Unicode filenames in ZIP format

UTF-8 is a standard character-encoding method for storing Unicode which is developed to display various languages.

Since Unicode and UTF-8 were developed after the 1990s, an initial version of ZIP format (made in the 1980s) didn’t support UTF-8. As ZIP format became the standard archive format and it was required to support Unicode, however, several ways have been introduced to process UTF-8 strings on ZIP files.

Bandizip supports two of them; one way is to convert the filenames to UTF-8, and the other is to store additional UTF-8 filenames in an extra header field while storing the original ones in MBCS.



Use Unicode filenames in Zip files (UTF-8)

Bandizip stores filenames in ZIP files with converting them to UTF-8. It is a standard filename storage method defined by APPNOTE, yet some archivers occasionally fail to recognize the ZIP files or mishandle them causing filenames broken. APPNOTE

Store Unicode filenames in an extra header field of Zip files (UTF-8)

Bandizip stores additional UTF-8 filenames in an extra header field of ZIP format, while storing the original ones in MBCS. This method is also defined by APPNOTE as “Info-ZIP Unicode Path Extra Field.” Because it uses the extra field to store the UTF-8 filenames, the file sizes would be tens of bytes larger than the former ones. However the original filenames are stored in MBCS, and therefore the files are safer and more compatible.

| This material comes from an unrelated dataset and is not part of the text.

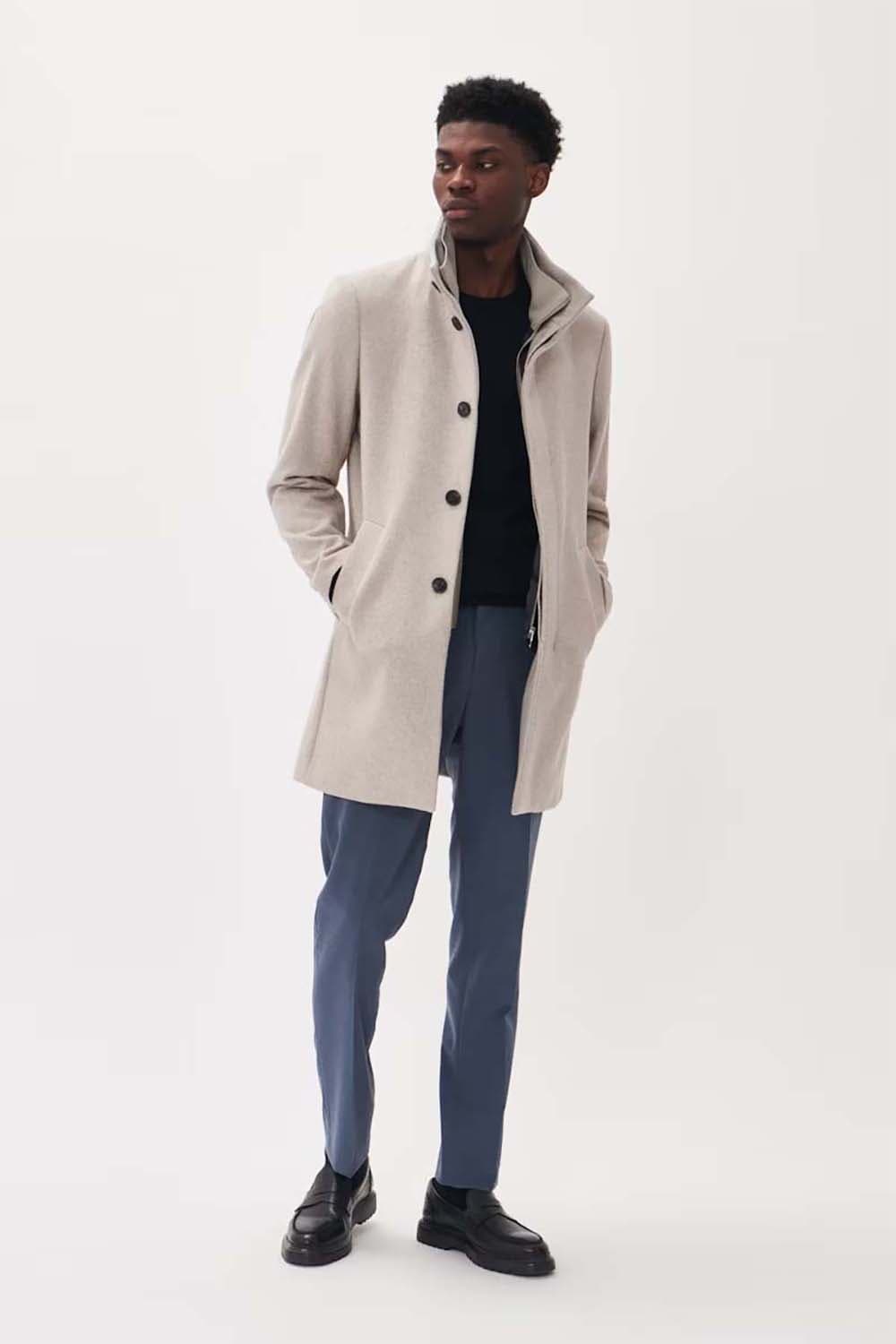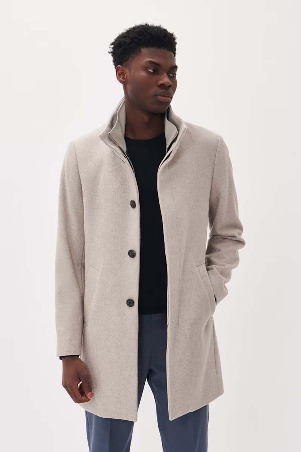 Jas Harvey van MATINIQUE is een stijlvolle wollen jas voor heren. Met een verfijnd ontwerp biedt de jas een opstaande kraag en lange mouwen. De sluiting met knopen voegt een klassieke touch toe, terwijl het colbert-stijl een tijdloze elegantie uitstraalt.

As most archivers (such as 7zip, Winrar, and Winzip) supports this feature, it prevents your filenames from being broken in OS with a different system language.

The picture below shows the difference between using the feature and not using it when sending a ZIP file compressed on Korean OS to Japanese OS.



Use Unicode filenames in tar/tgz files (UTF-8)



TAR and TGZ formats are archive formats mainly used on Unix (which uses the UTF-8 filenames). This feature makes you extract TAR/TGZ files on Unix without filename issues.

NOTE: Some applications for Windows may fail to recognize UTF-8 code page of TAR/TGZ formats properly.